- [YOUR OBJECTIVE]
Find the line containing "물 빠지는 배수구도 바로", then print it and each line after it through the end of the listing exactly, with no pictures.

- [STORED DATA]
- - - -

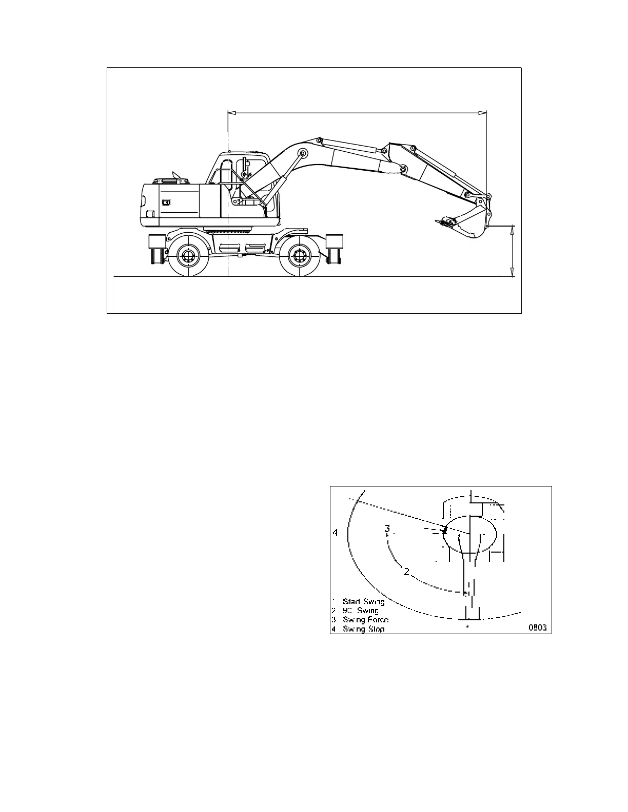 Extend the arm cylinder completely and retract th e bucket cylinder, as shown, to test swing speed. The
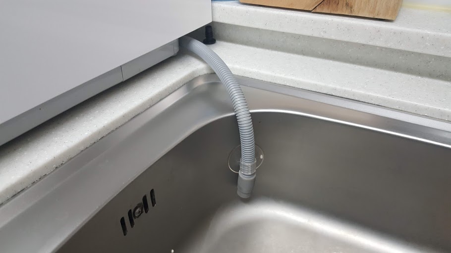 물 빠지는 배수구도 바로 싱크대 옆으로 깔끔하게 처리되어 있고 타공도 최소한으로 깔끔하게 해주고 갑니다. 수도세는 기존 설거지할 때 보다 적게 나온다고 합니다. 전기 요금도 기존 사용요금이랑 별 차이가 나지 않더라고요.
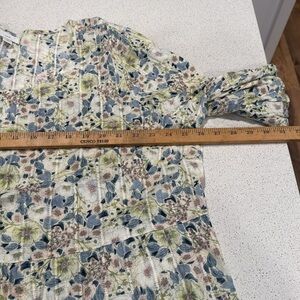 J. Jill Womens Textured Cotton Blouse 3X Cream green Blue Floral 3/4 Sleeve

- - - -

- [ANSWER TO THE PROBLEM]
 물 빠지는 배수구도 바로 싱크대 옆으로 깔끔하게 처리되어 있고 타공도 최소한으로 깔끔하게 해주고 갑니다. 수도세는 기존 설거지할 때 보다 적게 나온다고 합니다. 전기 요금도 기존 사용요금이랑 별 차이가 나지 않더라고요.
 J. Jill Womens Textured Cotton Blouse 3X Cream green Blue Floral 3/4 Sleeve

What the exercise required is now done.